__WHAT IS BEING ASKED__: Only the lines below from the one containing "Многофункциональный стимулятор для" through the one containing "Szokatlan közúti incidens" belong in the answer, set down exactly, with the pictures left out.

__WORKING DATA__:
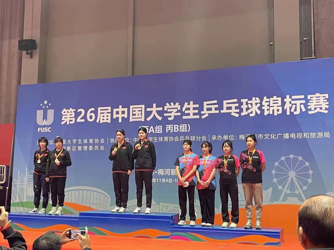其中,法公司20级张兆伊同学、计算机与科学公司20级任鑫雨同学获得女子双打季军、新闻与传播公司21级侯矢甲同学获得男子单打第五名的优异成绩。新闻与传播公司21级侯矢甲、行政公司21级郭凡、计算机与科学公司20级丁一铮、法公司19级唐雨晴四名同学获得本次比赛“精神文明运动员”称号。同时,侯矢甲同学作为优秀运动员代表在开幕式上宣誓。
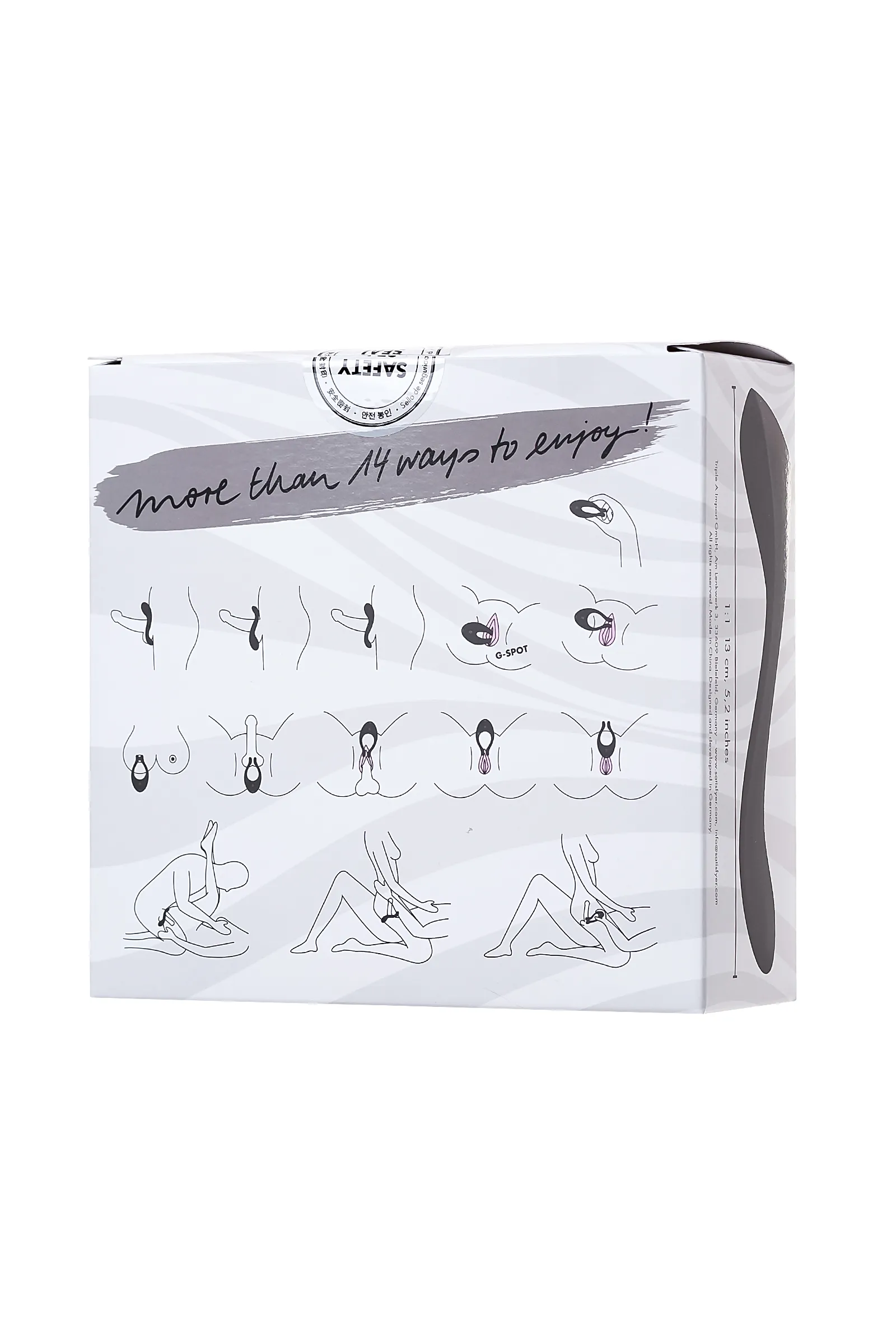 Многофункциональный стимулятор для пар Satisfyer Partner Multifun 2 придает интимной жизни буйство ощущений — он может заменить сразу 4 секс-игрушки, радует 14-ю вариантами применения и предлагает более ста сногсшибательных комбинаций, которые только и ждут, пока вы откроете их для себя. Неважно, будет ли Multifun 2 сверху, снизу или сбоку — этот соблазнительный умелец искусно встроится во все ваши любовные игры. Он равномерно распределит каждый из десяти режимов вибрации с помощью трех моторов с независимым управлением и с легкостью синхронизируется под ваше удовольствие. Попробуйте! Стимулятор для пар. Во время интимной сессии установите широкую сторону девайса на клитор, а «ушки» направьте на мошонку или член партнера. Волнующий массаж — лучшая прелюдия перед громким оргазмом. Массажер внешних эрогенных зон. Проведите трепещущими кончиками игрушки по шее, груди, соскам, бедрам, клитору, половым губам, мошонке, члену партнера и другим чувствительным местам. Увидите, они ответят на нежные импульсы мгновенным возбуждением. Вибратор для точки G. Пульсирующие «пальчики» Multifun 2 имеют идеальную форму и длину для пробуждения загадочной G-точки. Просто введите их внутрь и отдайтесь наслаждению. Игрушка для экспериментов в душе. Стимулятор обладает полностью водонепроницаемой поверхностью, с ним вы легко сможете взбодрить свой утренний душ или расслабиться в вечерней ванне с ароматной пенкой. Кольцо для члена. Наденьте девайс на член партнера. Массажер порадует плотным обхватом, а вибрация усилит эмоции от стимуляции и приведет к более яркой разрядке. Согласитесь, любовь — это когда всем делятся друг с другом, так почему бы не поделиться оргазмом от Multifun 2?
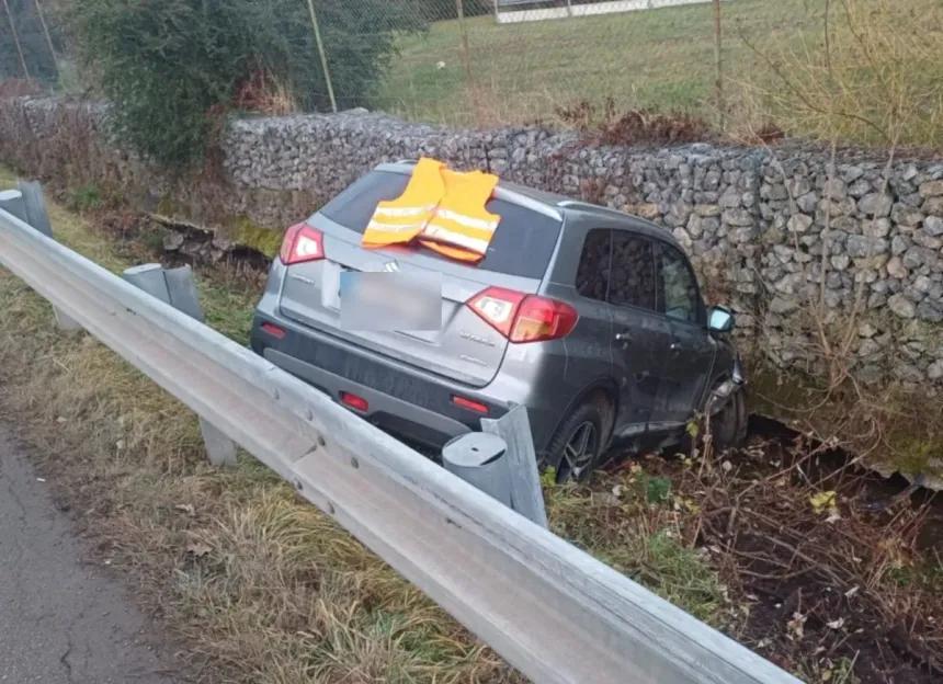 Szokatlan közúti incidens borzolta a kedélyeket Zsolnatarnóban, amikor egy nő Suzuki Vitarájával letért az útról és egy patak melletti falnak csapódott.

* * *

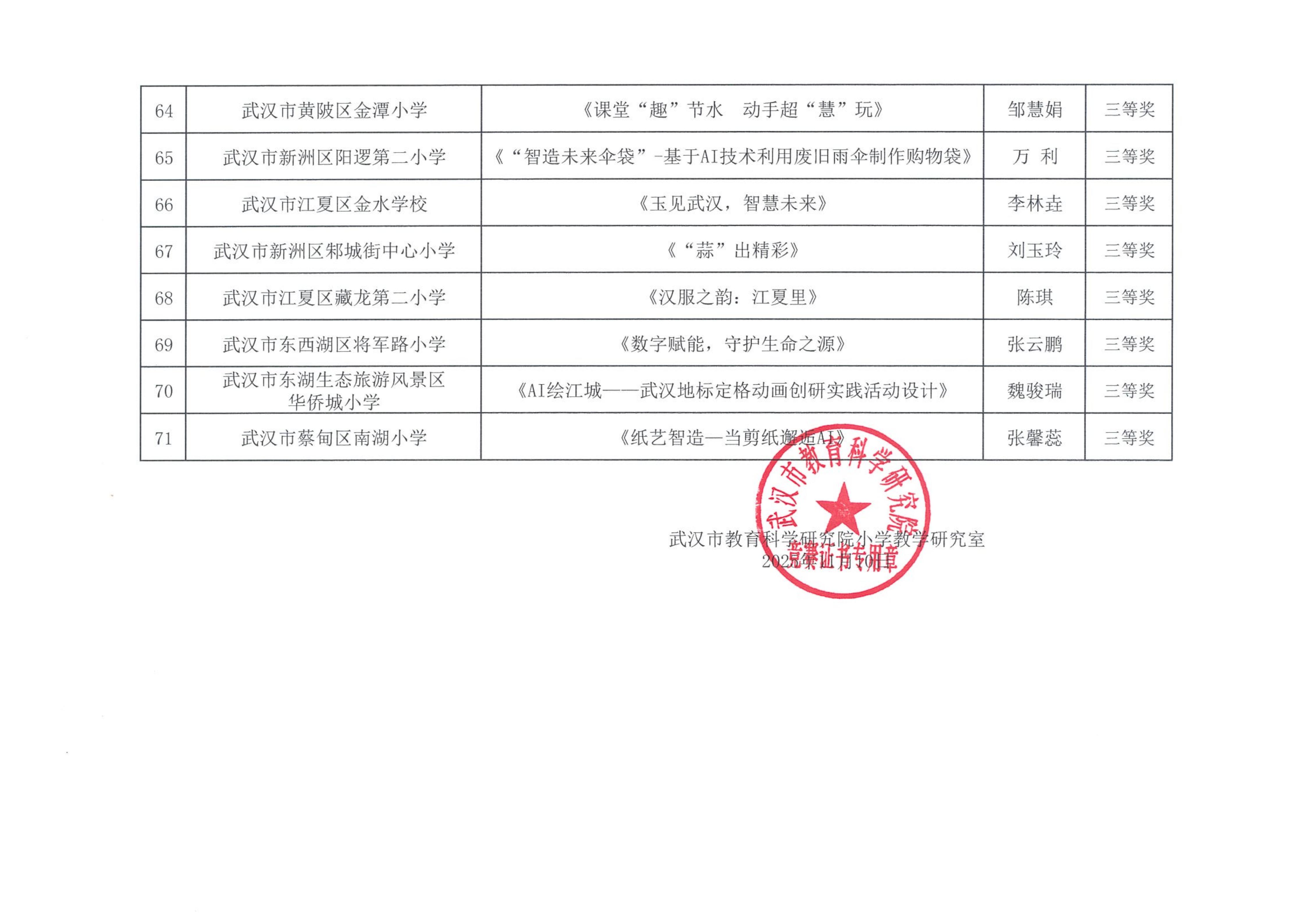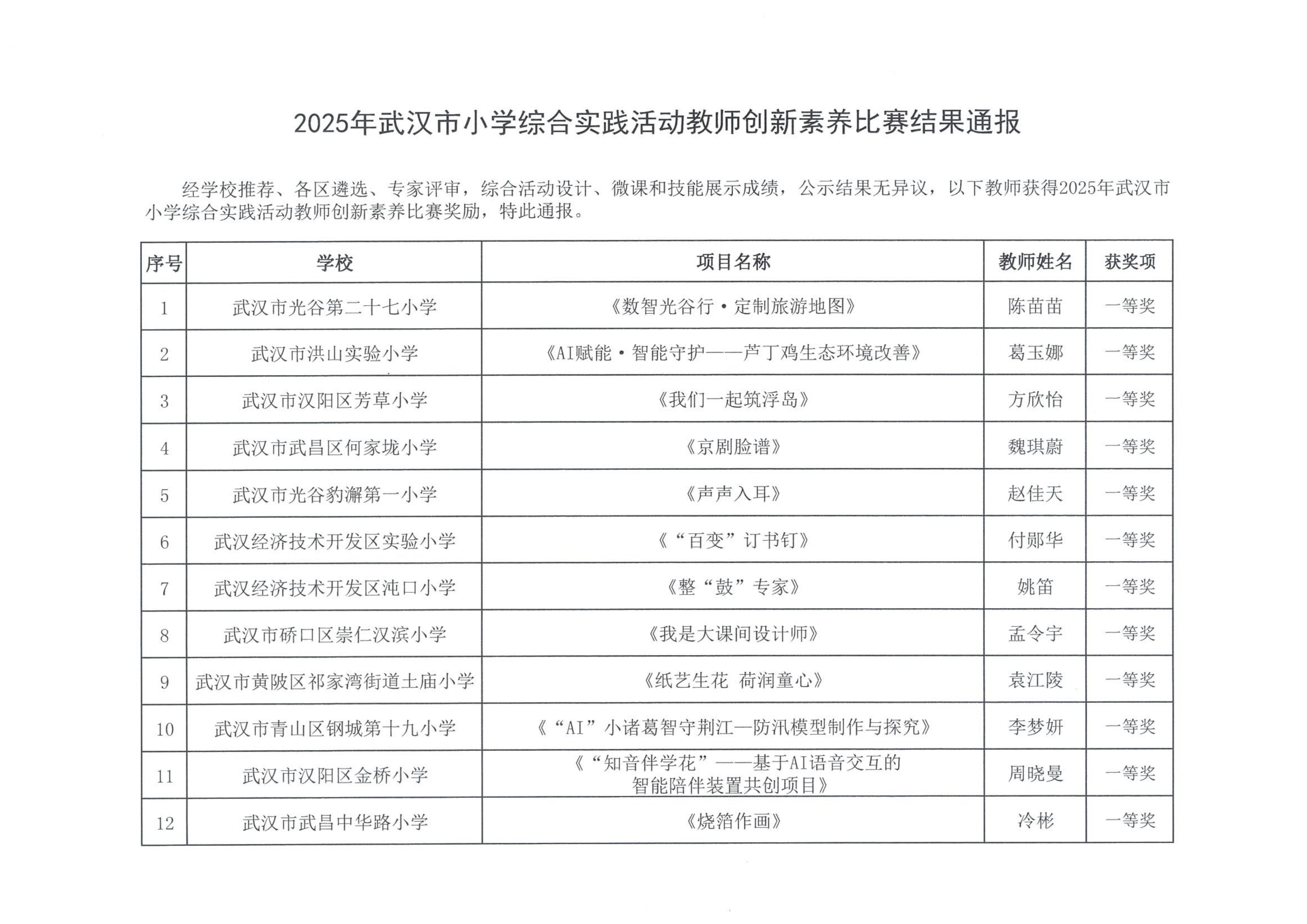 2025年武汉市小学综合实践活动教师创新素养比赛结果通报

__REPLY TO THE TASK__:
 Многофункциональный стимулятор для пар Satisfyer Partner Multifun 2 придает интимной жизни буйство ощущений — он может заменить сразу 4 секс-игрушки, радует 14-ю вариантами применения и предлагает более ста сногсшибательных комбинаций, которые только и ждут, пока вы откроете их для себя. Неважно, будет ли Multifun 2 сверху, снизу или сбоку — этот соблазнительный умелец искусно встроится во все ваши любовные игры. Он равномерно распределит каждый из десяти режимов вибрации с помощью трех моторов с независимым управлением и с легкостью синхронизируется под ваше удовольствие. Попробуйте! Стимулятор для пар. Во время интимной сессии установите широкую сторону девайса на клитор, а «ушки» направьте на мошонку или член партнера. Волнующий массаж — лучшая прелюдия перед громким оргазмом. Массажер внешних эрогенных зон. Проведите трепещущими кончиками игрушки по шее, груди, соскам, бедрам, клитору, половым губам, мошонке, члену партнера и другим чувствительным местам. Увидите, они ответят на нежные импульсы мгновенным возбуждением. Вибратор для точки G. Пульсирующие «пальчики» Multifun 2 имеют идеальную форму и длину для пробуждения загадочной G-точки. Просто введите их внутрь и отдайтесь наслаждению. Игрушка для экспериментов в душе. Стимулятор обладает полностью водонепроницаемой поверхностью, с ним вы легко сможете взбодрить свой утренний душ или расслабиться в вечерней ванне с ароматной пенкой. Кольцо для члена. Наденьте девайс на член партнера. Массажер порадует плотным обхватом, а вибрация усилит эмоции от стимуляции и приведет к более яркой разрядке. Согласитесь, любовь — это когда всем делятся друг с другом, так почему бы не поделиться оргазмом от Multifun 2?
 Szokatlan közúti incidens borzolta a kedélyeket Zsolnatarnóban, amikor egy nő Suzuki Vitarájával letért az útról és egy patak melletti falnak csapódott.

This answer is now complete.